Re: [PATCH RFC v3 01/19] mm: thread user_addr through page allocator for cache-friendly zeroing

From: Michael S. Tsirkin

Date: Wed Apr 22 2026 - 17:20:44 EST


On Wed, Apr 22, 2026 at 03:47:07PM -0400, Gregory Price wrote:
> On Tue, Apr 21, 2026 at 06:01:10PM -0400, Michael S. Tsirkin wrote:
> > Thread a user virtual address from vma_alloc_folio() down through
> > the page allocator to post_alloc_hook(). This is plumbing preparation
> > for a subsequent patch that will use user_addr to call folio_zero_user()
> > for cache-friendly zeroing of user pages.
> >
> > The user_addr is stored in struct alloc_context and flows through:
> > vma_alloc_folio -> folio_alloc_mpol -> __alloc_pages_mpol ->
> > __alloc_frozen_pages -> get_page_from_freelist -> prep_new_page ->
> > post_alloc_hook
> >
> > Public APIs (__alloc_pages, __folio_alloc, folio_alloc_mpol) gain a
> > user_addr parameter directly. Callers that do not need user_addr
> > pass USER_ADDR_NONE ((unsigned long)-1), since
> > address 0 is a valid user mapping.
> >
>
> Question: rather than churning the entirety of the existing interfaces,
> is there a possibility of adding an explicit interface for this
> interaction that amounts to:
>
> __alloc_user_pages(..., gfp_t gfp, user_addr)
> {
> BUG_ON(!(gfp & __GFP_ZERO));
>
> /* post_alloc_hook implements the already-zeroed skip */
> page = alloc_page(..., gfp, ...); /* existing interface */
>
> /* Do the cacheline stuff here instead of in the core */
> cacheline_nonsense(page, user_addr);
>
> return page; /* user doesn't need to do explicit zeroing */
> }
>
> Then rather than leaking information out of the buddy, we just need to
> get the zeroed information *into* the buddy.
>
> the users that want zeroing but need the explicit user_addr step just
> defer the zeroing to outside post_alloc_hook().
>
> That's just my immediate gut reaction to all this churn on the existing
> interfaces.
>
> Existing users can continue using the buddy as-is, and enlightened users
> can optimize for this specific kind of __GFP_ZERO interaction.
>
> ~Gregory


Hmm. Maybe I misunderstand what you propose, but this seems pretty close
to what v2 did - each callsite checked whether the page was pre-zeroed
and called folio_zero_user() itself. The feedback (both you and David)
was that threading it through the allocator is better.

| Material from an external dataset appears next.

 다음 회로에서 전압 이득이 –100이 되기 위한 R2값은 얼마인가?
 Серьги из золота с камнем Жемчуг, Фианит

With a wrapper approach, looks like we'd need something like
__GFP_SKIP_ZERO so post_alloc_hook doesn't zero sequentially, then the
wrapper re-zeros with folio_zero_user(). But then the wrapper needs to
know whether the page was pre-zeroed (PG_zeroed), which is cleared by
post_alloc_hook before return. So the information doesn't survive to
the wrapper.

We could return the zeroed hint via an output parameter, but that's
what v2's pghint_t was, and it was disliked.

The user_addr threading through the allocator does add API churn,
but it's all mechanical (adding one parameter, callers pass
USER_ADDR_NONE), any mistaked are just build errors.

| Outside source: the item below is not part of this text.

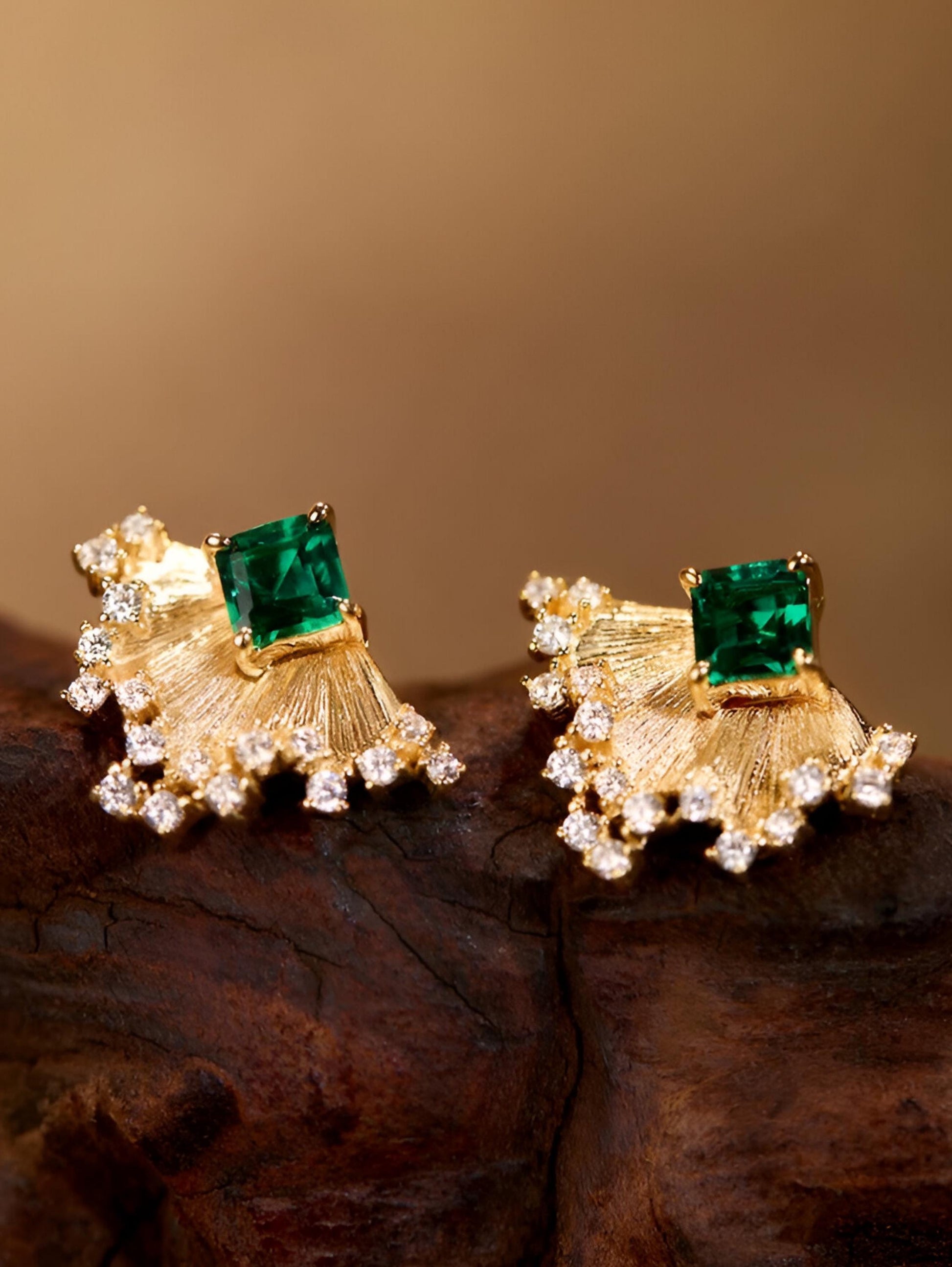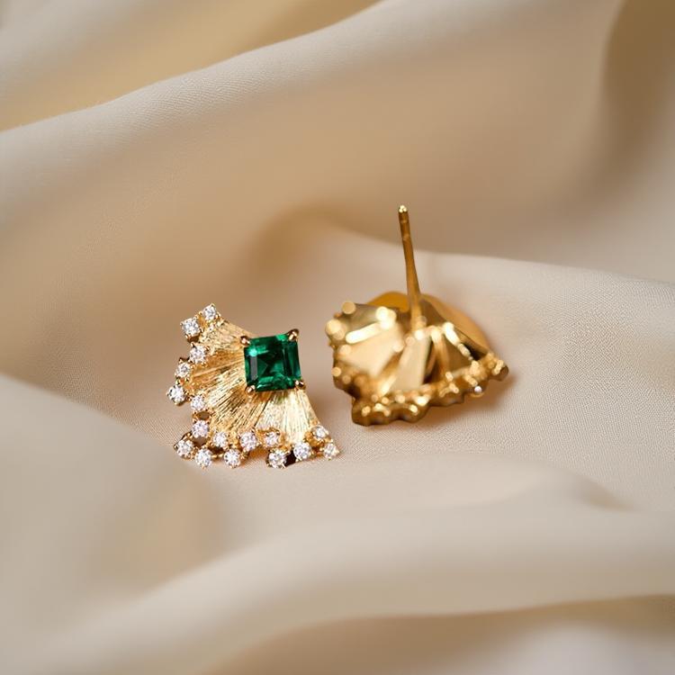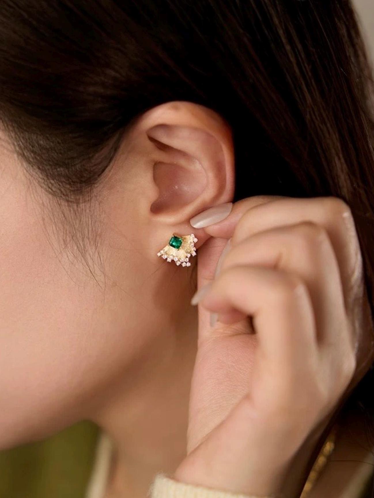 These elegant earrings feature a French-inspired design, Inspired by the graceful curve of a fan and the bold geometry of Art Deco design, they bring together nature and glamour in the most effortless way. Crafted with precision and attention to detail, the earrings showcase a luxurious and sophisticated aesthetic, perfect for those who appreciate jewelry with a touch of old-world charm. unique, small-batch piece that exudes timeless elegance.

And it makes the zeroing path closer to being correct by
construction: every allocation either explicitly
says no address or has a user_addr - and then gets
cache-friendly zeroing or skip-if-prezeroed, with no possibility
of a callsite forgetting to handle it.

Fundamentally, David told me I need to move folio_zero_user into
post_alloc_hook as a prerequisite to the optimization, so I did that -
let's stick to it then, shall we?


This approach also fixes a pre-existing double-zeroing on architectures with
aliasing data caches + init_on_alloc, where current code zeros once
via kernel_init_pages() then again via clear_user_highpage() at
the callsite. I don't see how that would be possible with the wrapper.